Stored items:
┌────────
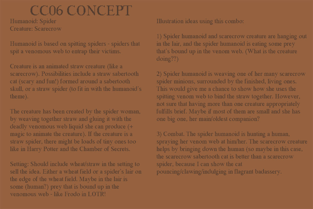 In case my splodges don't read: spider woman top right, in top down perspective, weaving some wheat in her hands, and sabertooth lying on the ground, with a crow under its paw. Birch trees to support perspective and flying crows to support composition. Crits and suggestions welcome :)
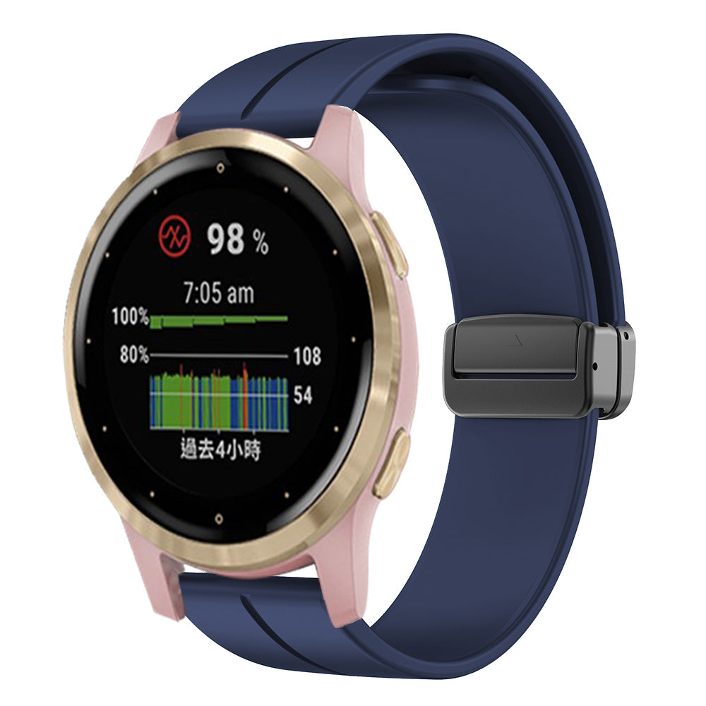 For Garmin Forerunner 265S / 255S / Venu 2S Watch Band 18mm Silicone Strap with Magnetic Folding Black Buckle
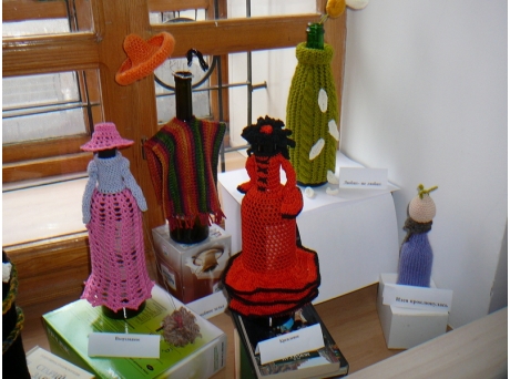 Тут можно увидеть замечательные рукодельные фантазии Ольги Юдиной, когда на бутылки из-под разнообразных напитков надеваются мастерски вывязанные фигурки, схематически изображающие различных характерных персонажей. Получилось одновременно красиво, необычно, иронично и серьёзно. Частью данной экспозиции стал и оригинальный арт-объект от художницы Полины Кубраковой, при изготовлении которого также были использованы бутылки.
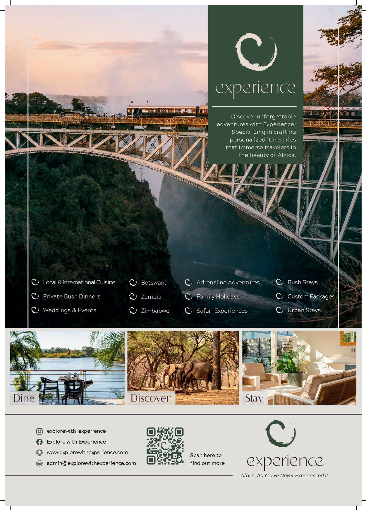 Conservation remains the heartbeat of the nation. In Matusadona National Park, the iconic Rhino Safari Camp has unveiled a new ownership structure, partnering with the Daka Plains team to reinforce its vision for sustainable, lowimpact tourism.
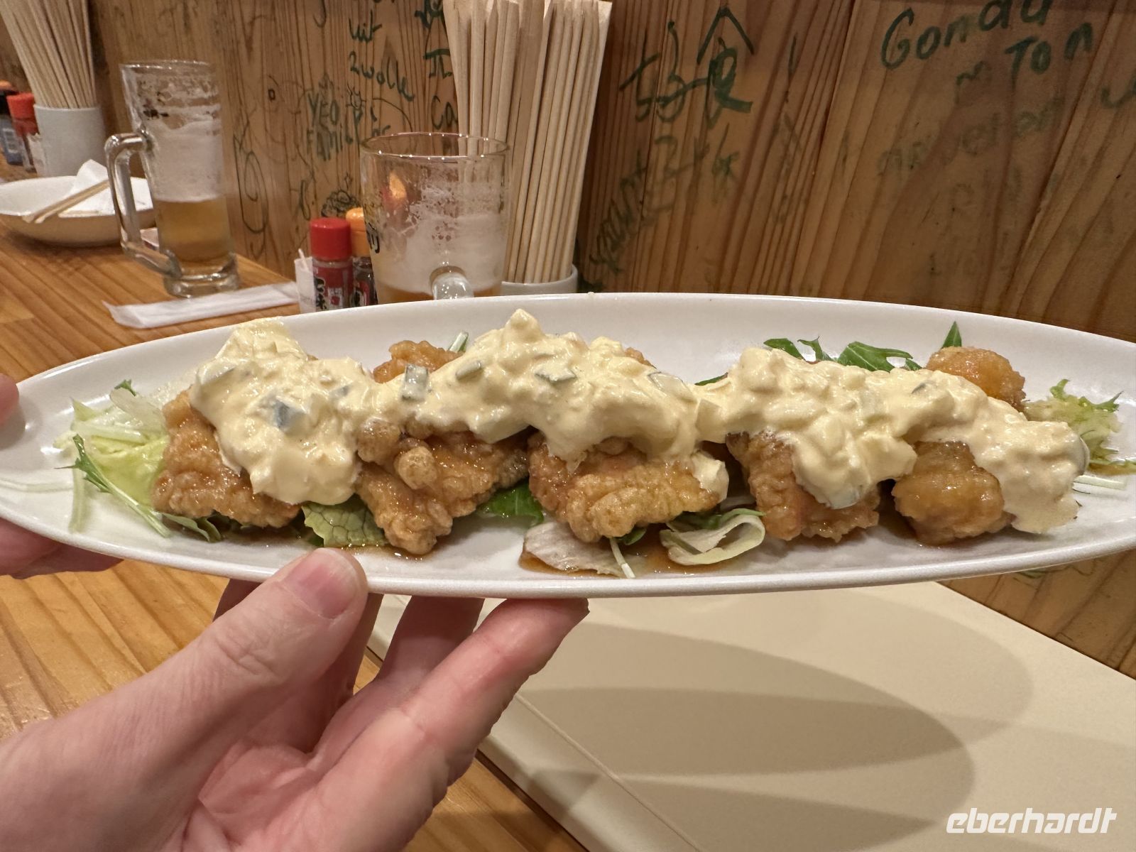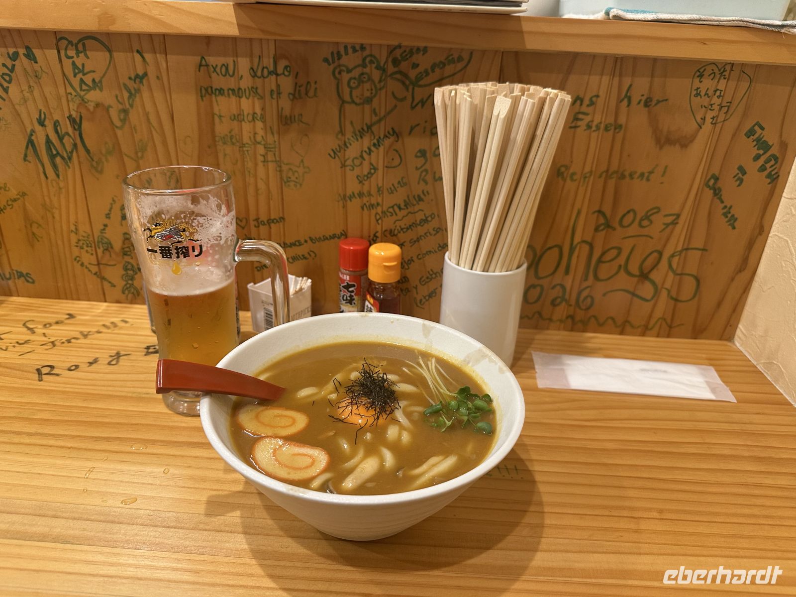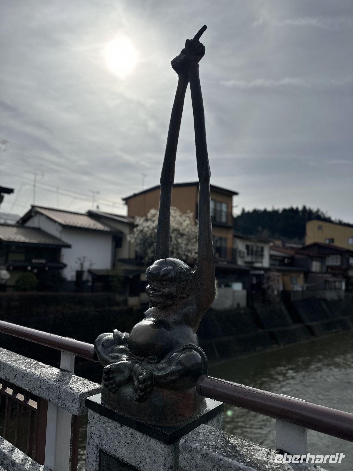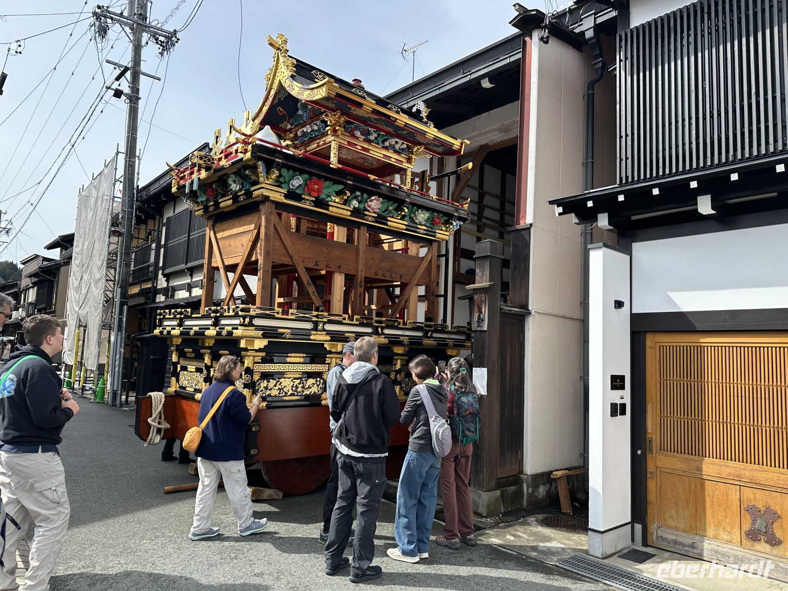 Wir starten entspannt in den Tag mit einem Besuch des Miyagawa Morgenmarktes. Entlang des Flusses schlendern wir an den Ständen vorbei, bewundern das lokale Kunsthandwerk und probieren die eine oder andere kleine Köstlichkeit. Danach führt uns unser Spaziergang durch die historische Altstadt. An der berühmten roten Nakabashi-Brücke halten wir inne: Die Kombination aus der leuchtend roten Brücke und den zartrosa Kirschblüten am Ufer ist ein absolutes Postkartenmotiv. Auf unserem Weg durch die Gassen entdecken wir hinter großen Toren die prachtvollen Festwagen (Yatai) in ihren Garagen, die für das berühmte Takayama-Festival genutzt werden. Ein kultureller Höhepunkt ist der Besuch des Takayama Jinya in Hachikemmachi. Dieses ehemalige Amtshaus der Shogune beeindruckt uns mit seinen weitläufigen Tatami-Räumen und der funktionalen, schlichten Architektur der Edo-Zeit. Gegen Mittag verlassen wir Takayama und fahren in das Bergdorf Ogimachi in Shirakawa-go. Schon der Weg ins Dorf ist spektakulär, als wir die lange Hängebrücke über den Fluss überqueren. Das UNESCO-Weltkulturerbe mit seinen strohgedeckten Gassho-Zukuri-Häusern wirkt wie aus einer anderen Zeit. Wir besichtigen das historische Kanda-Haus von innen. Es ist faszinierend zu sehen, wie die Menschen unter den riesigen Dächern lebten und arbeiteten – besonders der Blick in die oberen Stockwerke, wo früher Seidenraupen gezüchtet wurden, ist beeindruckend. Den Abend lassen wir in der lebendigen Atmosphäre des Dekonaru Yokocho ausklingen. Diese schmalen Gassen sind ein Paradies für kulinarische Entdeckungen und bietet genau das Japan, das man aus Filmen kennt: kleine, gemütliche Stände, herzliche Gastgeber und eine bunte Mischung an Gästen. An den urigen Holztischen, die über und über mit Grüßen früherer Besucher verziert sind, genießen wir eine Auswahl an japanischen Klassikern, wie Curry-Udon: Eine dampfende Schüssel mit dicken Nudeln in einer würzigen Currybrühe, garniert mit einem Eigelb für die Extra-Cremigkeit oder Mentaiko-Pasta (Udon-Style): Eine cremige Nudelvariante mit würzigem Fischrogen und frischem Shiso-Blatt und Chicken Nanban: Knusprig frittiertes Hähnchen, großzügig getoppt mit einer cremigen Tatarensauce und frischem Salat. Dazu ein frisch gezapftes Kirin Ichiban aus dem Glas – so schmeckt das echte Japan! Es ist ein herrlich ungezwungener Abend, an dem wir das pulsierende Nachtleben von Takayama in vollen Zügen genießen.
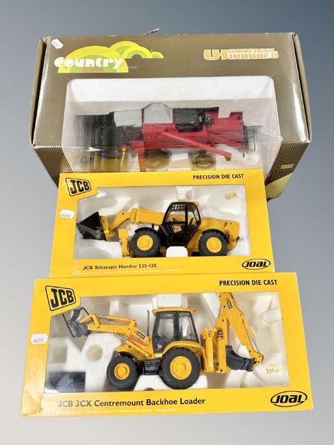 Two Joal 1:25 scale diecast JCB diggers together with a further Country collection model combine harvester, all boxed.
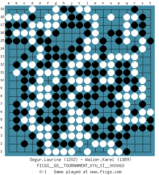 Last move : 0-1 2018 January 31 20:31:36 [Event "FICGS__GO__TOURNAMENT_KYU_II__000063"] [Site "FICGS"] [Date "2017.07.24"] [Round "1"] [Black "Segur,Laurine"] [White "Walzer,Karel"] [Result "0-1"] [Rating 1 "1202"] [Rating 2 "1389"] 1.c4 q17 2.q3 d16 3.c15 d15 4.b17 c18 5.c13 c16 6.b15 h16 7.d10 r11 8.f15 f16 9.c17 d17 10.r6 e4 11.d3 e3 12.e2 f2 13.e1 f1 14.c2 j4 15.m4 q15 16.d14 e14 17.f14 l3 18.m3 m16 19.g3 f3 20.h4 j1 21.h6 k6 22.e6 j3 23.g2 g1 24.h2 h1 25.j2 k2 26.g5 m2 27.k5 k4 28.l4 j5 29.k8 o2 30.o3 n2 31.p3 l1 32.p2 l5 33.m6 d5 34.c6 c5 35.b5 d6 36.e5 d4 37.b4 c7 38.b6 e7 39.f7 j7 40.g8 k10 41.l7 r8 42.n9 m5 43.n5 n4 44.n3 n6 45.o5 m7 46.l6 k5 47.m8 j8 48.k7 k9 49.n7 f6 50.f5 f8 51.g6 f9 52.g9 g10 53.h10 g11 54.j9 j10 55.h9 j6 56.h11 g12 57.h12 k12 58.g13 e10 59.f10 f11 60.e15 e13 61.e12 d7 62.f12 e11 63.d11 d9 64.j13 l13 65.m11 n12 66.s7 q7 67.n11 o12 68.p10 s8 69.q11 r12 70.q12 q13 71.h17 g17 72.j17 j16 73.l17 m17 74.g18 f18 75.k18 k16 76.k17 m18 77.k14 l14 78.h15 j15 79.j14 g15 80.c9 h14 81.g14 h15 82.h13 b16 83.k15 l15 84.e16 e17 85.l16 h18 86.g16 f17 87.p12 p13 88.r10 s10 89.r9 s9 90.d8 e9 91.c8 e8 92.b7 d12 93.f13 c12 94.c11 q9 95.q10 o6 96.p7 q6 97.p6 p5 98.o7 r5 99.r4 s5 100.s4 o11 101.t5 t6 102.t4 s6 103.l12 k13 104.m12 m13 105.k11 j11 106.l11 j12 107.a16 b18 108.a17 a18 109.a15 b11 110.c10 o10 111.p9 q8 112.o9 n10 113.m10 l9 114.m9 p8 115.o8 h7 116.g7 p1 117.q1 o1 118.r17 r16 119.s17 r18 120.s16 s15 121.t15 s14 122.s18 q18 123.r19 p4 124.q4 q5 125.o4 l18 126.h19 g19 127.j19 l19 128.j18 g18 129.d18 d19 130.l8 h3 131.g4 f4 132.h8 k19 133.h5 k3 134.p11 l10 135.n13 o13 136.n14 m15 137.n15 o18 138.o16 pass 139.p16 q16 140.p15 pass 141.r14 r13 142.b12 pass 0-1 Here are the names of the openings (joseki) played in the four corners : Corner d16 : d16 c15 Hoshi (Hwajeom, Seongjeom, Xingwei`) 4-4 Point. The star or hoshi (4-4) point, emphasizing influence at the potential expense of territory. Corner d4 : c4 e4 Komoku (Somok, Xiao~mu`) 3-4 Point. The komoku (3-4) point is the traditional corner enclosure move.. Ikken Takagakari (Hankan Nop'dakeolch'im, Yi Gaogua`jiao~, 1-Space High Approach). The 5-4 approach move has become more popular in modern times, as modern Go emphasizes speed and influence. Player White won this Go (weiqi, baduk) game. Follow this game move after move (download)If you have lost four corners, resign. (Anonymous) When a man with money meets a man with experience, the man with experience leaves with money and the man with money leaves with experience. (Anonymous)
└────────
Task instructions:
Be exact. Write out all the entries and omit the pictures.

Response to this task:
 In case my splodges don't read: spider woman top right, in top down perspective, weaving some wheat in her hands, and sabertooth lying on the ground, with a crow under its paw. Birch trees to support perspective and flying crows to support composition. Crits and suggestions welcome :)
 For Garmin Forerunner 265S / 255S / Venu 2S Watch Band 18mm Silicone Strap with Magnetic Folding Black Buckle
 Тут можно увидеть замечательные рукодельные фантазии Ольги Юдиной, когда на бутылки из-под разнообразных напитков надеваются мастерски вывязанные фигурки, схематически изображающие различных характерных персонажей. Получилось одновременно красиво, необычно, иронично и серьёзно. Частью данной экспозиции стал и оригинальный арт-объект от художницы Полины Кубраковой, при изготовлении которого также были использованы бутылки.
 Conservation remains the heartbeat of the nation. In Matusadona National Park, the iconic Rhino Safari Camp has unveiled a new ownership structure, partnering with the Daka Plains team to reinforce its vision for sustainable, lowimpact tourism.
 Wir starten entspannt in den Tag mit einem Besuch des Miyagawa Morgenmarktes. Entlang des Flusses schlendern wir an den Ständen vorbei, bewundern das lokale Kunsthandwerk und probieren die eine oder andere kleine Köstlichkeit. Danach führt uns unser Spaziergang durch die historische Altstadt. An der berühmten roten Nakabashi-Brücke halten wir inne: Die Kombination aus der leuchtend roten Brücke und den zartrosa Kirschblüten am Ufer ist ein absolutes Postkartenmotiv. Auf unserem Weg durch die Gassen entdecken wir hinter großen Toren die prachtvollen Festwagen (Yatai) in ihren Garagen, die für das berühmte Takayama-Festival genutzt werden. Ein kultureller Höhepunkt ist der Besuch des Takayama Jinya in Hachikemmachi. Dieses ehemalige Amtshaus der Shogune beeindruckt uns mit seinen weitläufigen Tatami-Räumen und der funktionalen, schlichten Architektur der Edo-Zeit. Gegen Mittag verlassen wir Takayama und fahren in das Bergdorf Ogimachi in Shirakawa-go. Schon der Weg ins Dorf ist spektakulär, als wir die lange Hängebrücke über den Fluss überqueren. Das UNESCO-Weltkulturerbe mit seinen strohgedeckten Gassho-Zukuri-Häusern wirkt wie aus einer anderen Zeit. Wir besichtigen das historische Kanda-Haus von innen. Es ist faszinierend zu sehen, wie die Menschen unter den riesigen Dächern lebten und arbeiteten – besonders der Blick in die oberen Stockwerke, wo früher Seidenraupen gezüchtet wurden, ist beeindruckend. Den Abend lassen wir in der lebendigen Atmosphäre des Dekonaru Yokocho ausklingen. Diese schmalen Gassen sind ein Paradies für kulinarische Entdeckungen und bietet genau das Japan, das man aus Filmen kennt: kleine, gemütliche Stände, herzliche Gastgeber und eine bunte Mischung an Gästen. An den urigen Holztischen, die über und über mit Grüßen früherer Besucher verziert sind, genießen wir eine Auswahl an japanischen Klassikern, wie Curry-Udon: Eine dampfende Schüssel mit dicken Nudeln in einer würzigen Currybrühe, garniert mit einem Eigelb für die Extra-Cremigkeit oder Mentaiko-Pasta (Udon-Style): Eine cremige Nudelvariante mit würzigem Fischrogen und frischem Shiso-Blatt und Chicken Nanban: Knusprig frittiertes Hähnchen, großzügig getoppt mit einer cremigen Tatarensauce und frischem Salat. Dazu ein frisch gezapftes Kirin Ichiban aus dem Glas – so schmeckt das echte Japan! Es ist ein herrlich ungezwungener Abend, an dem wir das pulsierende Nachtleben von Takayama in vollen Zügen genießen.
 Two Joal 1:25 scale diecast JCB diggers together with a further Country collection model combine harvester, all boxed.
 Last move : 0-1 2018 January 31 20:31:36 [Event "FICGS__GO__TOURNAMENT_KYU_II__000063"] [Site "FICGS"] [Date "2017.07.24"] [Round "1"] [Black "Segur,Laurine"] [White "Walzer,Karel"] [Result "0-1"] [Rating 1 "1202"] [Rating 2 "1389"] 1.c4 q17 2.q3 d16 3.c15 d15 4.b17 c18 5.c13 c16 6.b15 h16 7.d10 r11 8.f15 f16 9.c17 d17 10.r6 e4 11.d3 e3 12.e2 f2 13.e1 f1 14.c2 j4 15.m4 q15 16.d14 e14 17.f14 l3 18.m3 m16 19.g3 f3 20.h4 j1 21.h6 k6 22.e6 j3 23.g2 g1 24.h2 h1 25.j2 k2 26.g5 m2 27.k5 k4 28.l4 j5 29.k8 o2 30.o3 n2 31.p3 l1 32.p2 l5 33.m6 d5 34.c6 c5 35.b5 d6 36.e5 d4 37.b4 c7 38.b6 e7 39.f7 j7 40.g8 k10 41.l7 r8 42.n9 m5 43.n5 n4 44.n3 n6 45.o5 m7 46.l6 k5 47.m8 j8 48.k7 k9 49.n7 f6 50.f5 f8 51.g6 f9 52.g9 g10 53.h10 g11 54.j9 j10 55.h9 j6 56.h11 g12 57.h12 k12 58.g13 e10 59.f10 f11 60.e15 e13 61.e12 d7 62.f12 e11 63.d11 d9 64.j13 l13 65.m11 n12 66.s7 q7 67.n11 o12 68.p10 s8 69.q11 r12 70.q12 q13 71.h17 g17 72.j17 j16 73.l17 m17 74.g18 f18 75.k18 k16 76.k17 m18 77.k14 l14 78.h15 j15 79.j14 g15 80.c9 h14 81.g14 h15 82.h13 b16 83.k15 l15 84.e16 e17 85.l16 h18 86.g16 f17 87.p12 p13 88.r10 s10 89.r9 s9 90.d8 e9 91.c8 e8 92.b7 d12 93.f13 c12 94.c11 q9 95.q10 o6 96.p7 q6 97.p6 p5 98.o7 r5 99.r4 s5 100.s4 o11 101.t5 t6 102.t4 s6 103.l12 k13 104.m12 m13 105.k11 j11 106.l11 j12 107.a16 b18 108.a17 a18 109.a15 b11 110.c10 o10 111.p9 q8 112.o9 n10 113.m10 l9 114.m9 p8 115.o8 h7 116.g7 p1 117.q1 o1 118.r17 r16 119.s17 r18 120.s16 s15 121.t15 s14 122.s18 q18 123.r19 p4 124.q4 q5 125.o4 l18 126.h19 g19 127.j19 l19 128.j18 g18 129.d18 d19 130.l8 h3 131.g4 f4 132.h8 k19 133.h5 k3 134.p11 l10 135.n13 o13 136.n14 m15 137.n15 o18 138.o16 pass 139.p16 q16 140.p15 pass 141.r14 r13 142.b12 pass 0-1 Here are the names of the openings (joseki) played in the four corners : Corner d16 : d16 c15 Hoshi (Hwajeom, Seongjeom, Xingwei`) 4-4 Point. The star or hoshi (4-4) point, emphasizing influence at the potential expense of territory. Corner d4 : c4 e4 Komoku (Somok, Xiao~mu`) 3-4 Point. The komoku (3-4) point is the traditional corner enclosure move.. Ikken Takagakari (Hankan Nop'dakeolch'im, Yi Gaogua`jiao~, 1-Space High Approach). The 5-4 approach move has become more popular in modern times, as modern Go emphasizes speed and influence. Player White won this Go (weiqi, baduk) game. Follow this game move after move (download)If you have lost four corners, resign. (Anonymous) When a man with money meets a man with experience, the man with experience leaves with money and the man with money leaves with experience. (Anonymous)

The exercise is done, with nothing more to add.